Intel DC S3700 SSD Features New Proprietary Controller
crookedvulture writes "For the first time in more than four years, Intel is rolling out a new SSD controller. The chip is featured in the DC S3700 solid-state drive, an enterprise-oriented offering that's 40% cheaper than the previous generation. The S3700 has 6Gbps SATA connectivity, end-to-end data protection, LBA tag validation, 256-bit AES encryption, and ECC throughout. It also includes onboard capacitors to prevent against data loss due to power failure; if problems with those capacitors are detected by the drive's self-check mechanism, it can disable the write cache.
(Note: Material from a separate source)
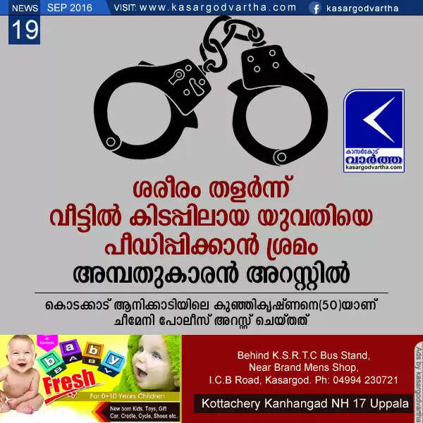 ചീമേനി: (www.kasargodvartha.com 19/09/2016) ശരീരം തളര്ന്ന് വീട്ടില് കിടപ്പിലായ യുവതിയെ പീഡിപ്പിക്കാന് ശ്രമിച്ച കേസില് പ്രതിയായ അമ്പതുകാരനെ പോലീസ് അറസ്റ്റ് ചെയ്തു. കൊടക്കാട് ആനിക്കാടിയിലെ കുഞ്ഞികൃഷ്ണനെ(50)യാണ് ചീമേനി പോലീസ് അറസ്റ്റ് ചെയ്തത്.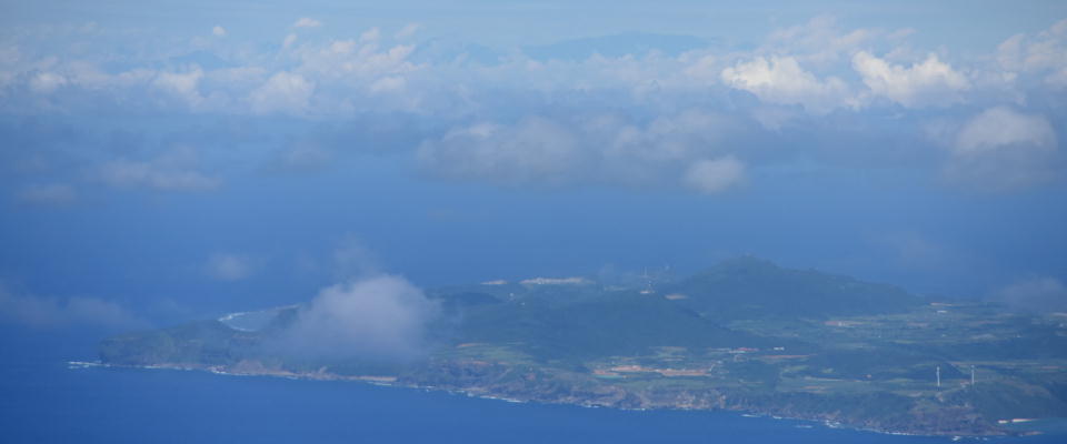 | JTA071便から、そろそろ着陸する石垣島の伊原間付近の風景を撮っていたら、 遙か彼方の雲間に島影が見えた 実際に機内から注意深く見ていると、雲ではなく「山」であることが分かる。 与那国島とは直接関係ないが、↓の「与那国島越しに台湾」の写真のツカミとして取り上げたよ。 |

Intel's own high-endurance MLC NAND can be found in the drive, which is rated for 10 full disk writes per day for five years. Prices start at $235 for the 100GB model, and capacities are available up to 800GB. In addition to 2.5" models, there are also a couple of 1.8" ones for blade servers. The DC S3700 is sampling now, with mass production scheduled for the first quarter of 2013."
The article makes me a bit suspicious:
"Intel's own high-endurance MLC NAND can be found in the drive, which is rated for 10 full disk writes per day for five years."
sounds pretty bad actually, if I understand it right.
Per cell this means: 365*10*5 = roughly 20.000 write cycles per cell? Sure wear leveling algorithms are there, but 20.000 cycles is not exceptional, or am I wrong?
Don't misunderstand this post. I think Intel's SSDs are good.
yes you are wrong, 20k cycles are very good for mlc.can't bring up any citations now -- too lazy, but the latest mlc nand cells ( 20nm ) are down to like 5k or less
The article says this:
The controller has a 6Gbps Serial ATA interface, and a gig of DRAM rides shotgun.This DRAM cache never stores user data but is instead used for context and indirection tables.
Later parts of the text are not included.